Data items
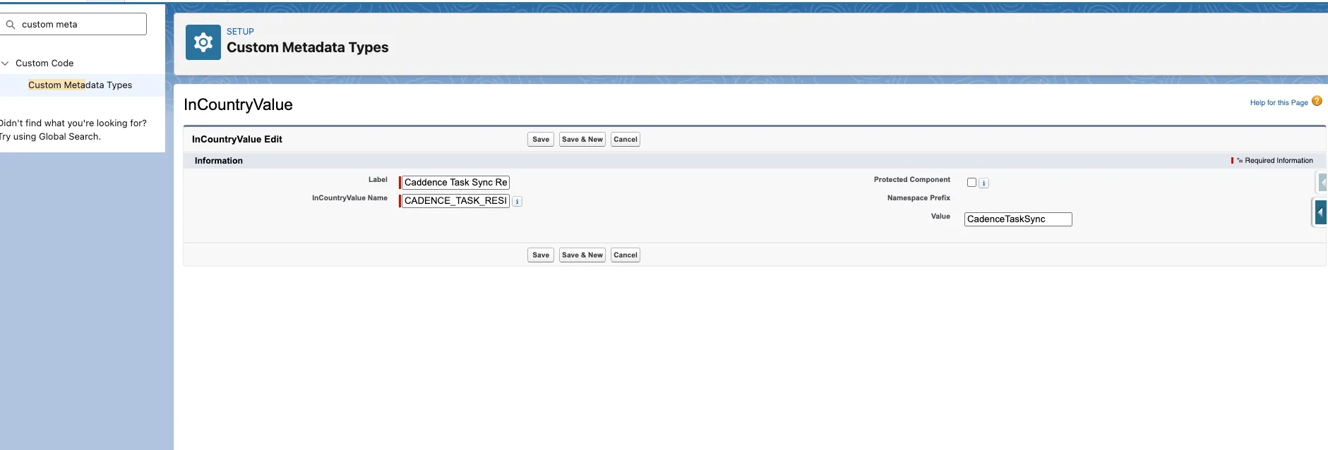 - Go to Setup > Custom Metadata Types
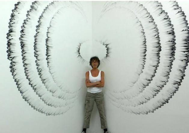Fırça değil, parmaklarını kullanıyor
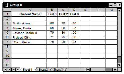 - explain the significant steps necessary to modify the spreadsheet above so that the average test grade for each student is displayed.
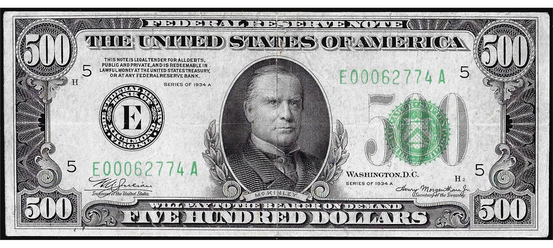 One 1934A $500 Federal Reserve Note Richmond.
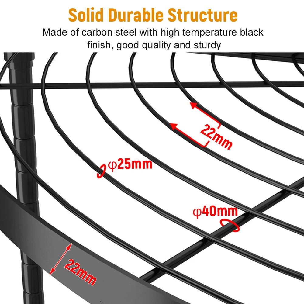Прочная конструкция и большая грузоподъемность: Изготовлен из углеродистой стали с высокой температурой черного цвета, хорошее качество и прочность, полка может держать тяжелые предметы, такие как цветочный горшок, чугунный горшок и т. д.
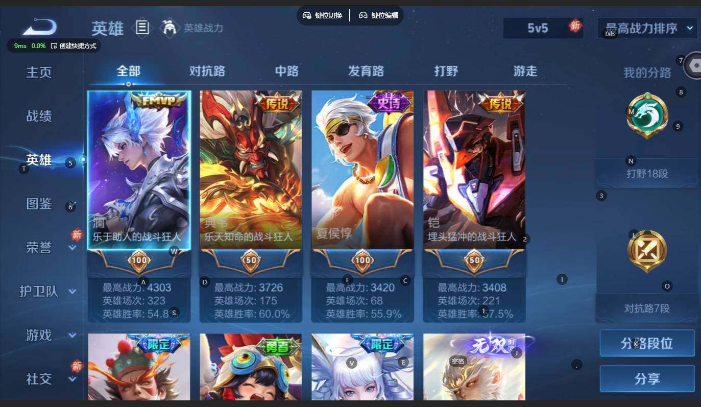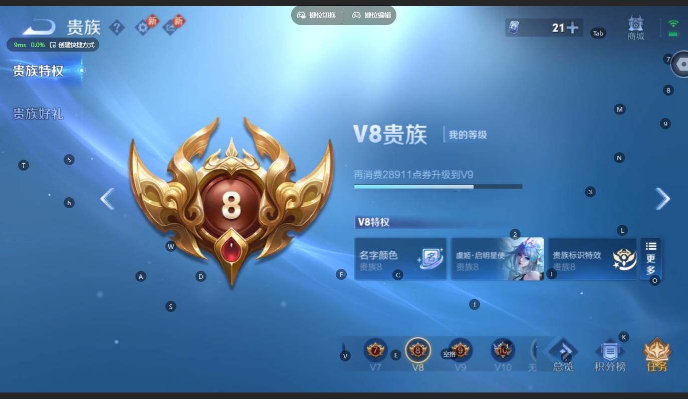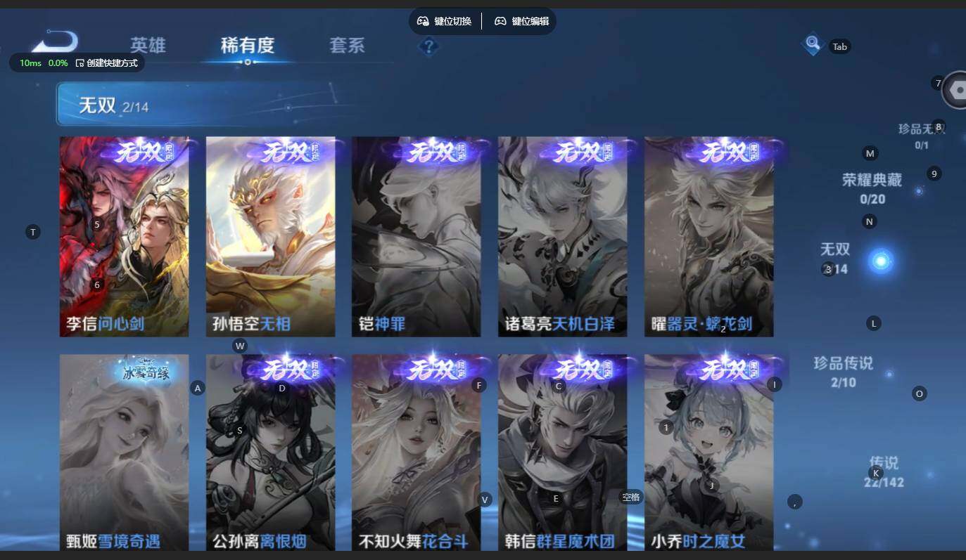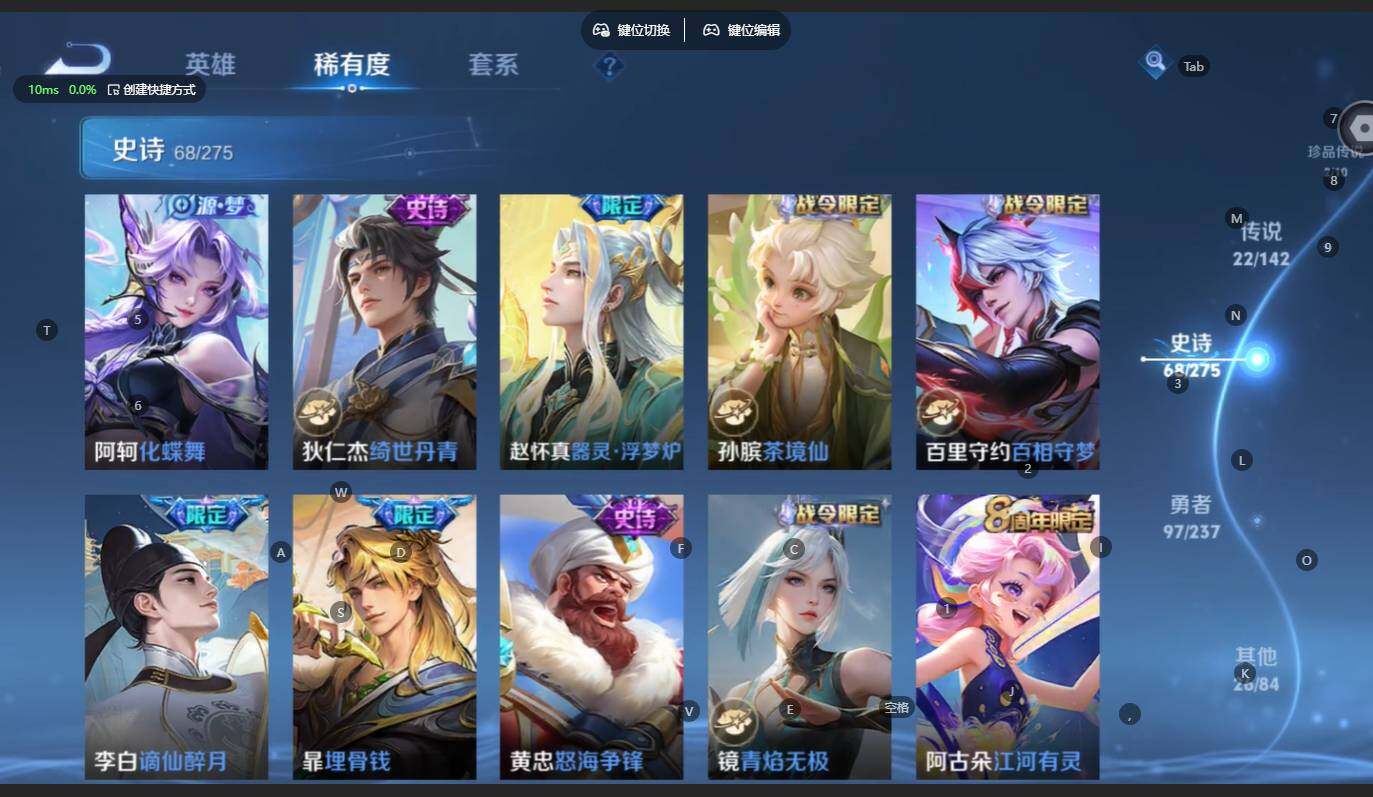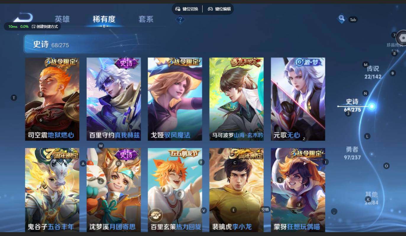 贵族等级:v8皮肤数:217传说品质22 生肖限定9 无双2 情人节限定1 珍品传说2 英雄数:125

---

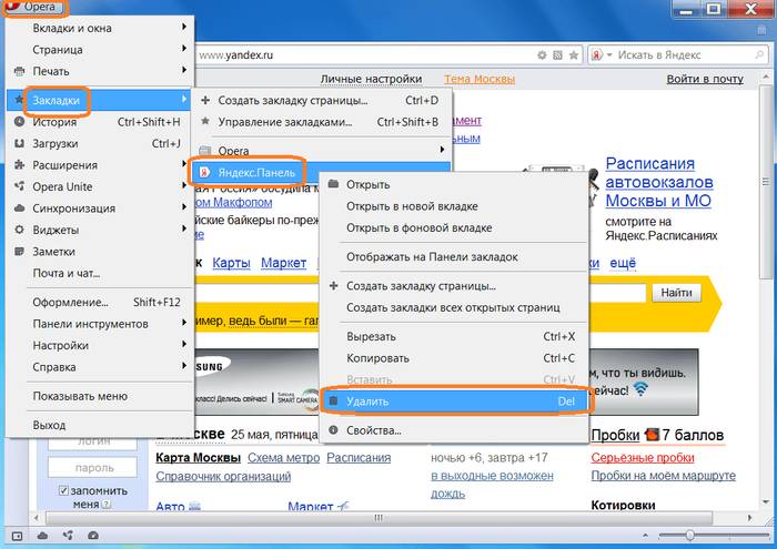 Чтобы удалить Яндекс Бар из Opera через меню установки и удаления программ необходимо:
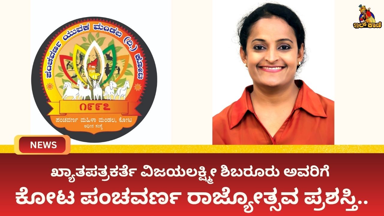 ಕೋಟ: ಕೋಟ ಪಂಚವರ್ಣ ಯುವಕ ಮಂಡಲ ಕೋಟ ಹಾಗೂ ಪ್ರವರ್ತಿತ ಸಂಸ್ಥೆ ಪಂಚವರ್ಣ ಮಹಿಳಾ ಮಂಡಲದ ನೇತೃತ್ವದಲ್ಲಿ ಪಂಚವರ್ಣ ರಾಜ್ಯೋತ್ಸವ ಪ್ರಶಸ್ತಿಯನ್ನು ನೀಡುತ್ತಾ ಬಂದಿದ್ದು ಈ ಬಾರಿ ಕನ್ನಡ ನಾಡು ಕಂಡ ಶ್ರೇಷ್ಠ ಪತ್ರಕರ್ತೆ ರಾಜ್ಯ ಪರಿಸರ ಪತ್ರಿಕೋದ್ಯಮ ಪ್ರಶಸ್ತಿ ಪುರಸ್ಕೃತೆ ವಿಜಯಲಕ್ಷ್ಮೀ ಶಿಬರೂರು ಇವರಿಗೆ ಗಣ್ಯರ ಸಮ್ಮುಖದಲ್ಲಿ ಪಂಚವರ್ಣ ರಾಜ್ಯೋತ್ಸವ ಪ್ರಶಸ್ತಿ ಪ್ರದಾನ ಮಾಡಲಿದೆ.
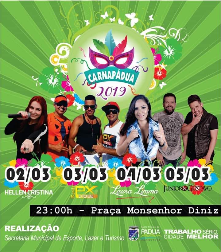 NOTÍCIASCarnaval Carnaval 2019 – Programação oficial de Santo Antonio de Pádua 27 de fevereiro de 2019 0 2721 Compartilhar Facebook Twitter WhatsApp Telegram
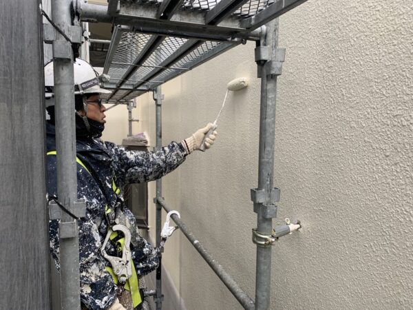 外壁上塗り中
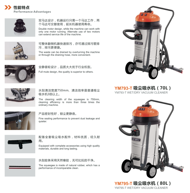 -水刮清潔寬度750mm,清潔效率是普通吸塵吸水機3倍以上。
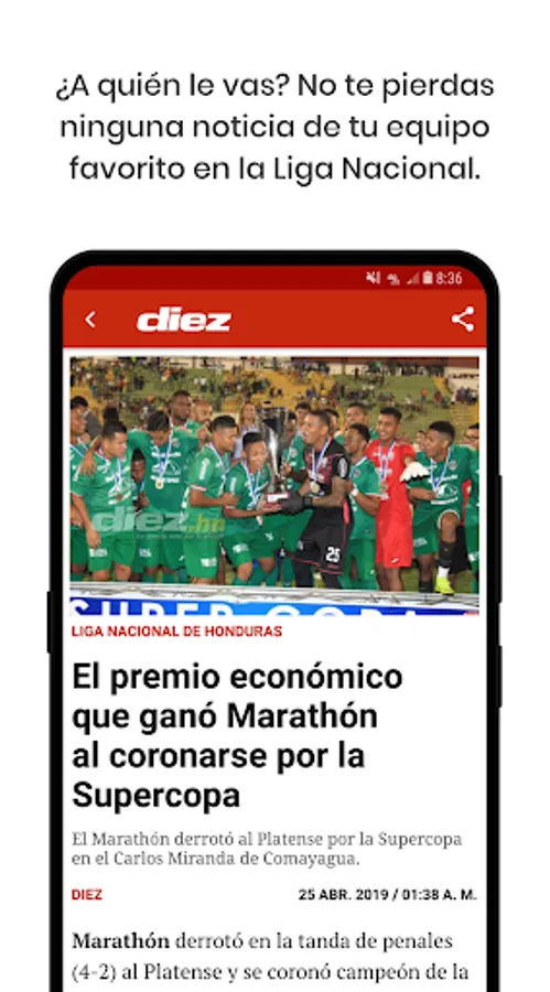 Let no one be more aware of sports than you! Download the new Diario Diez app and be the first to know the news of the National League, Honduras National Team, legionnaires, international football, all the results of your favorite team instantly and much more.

# Work instruction
Nothing but the lines above from the one that has "- Go to Setup > Custom Metadata Types" down to the one that has "One 1934A $500" belongs in the answer, copied exactly, without pictures.

# Expected answer
 - Go to Setup > Custom Metadata Types
Fırça değil, parmaklarını kullanıyor
 - explain the significant steps necessary to modify the spreadsheet above so that the average test grade for each student is displayed.
 One 1934A $500 Federal Reserve Note Richmond.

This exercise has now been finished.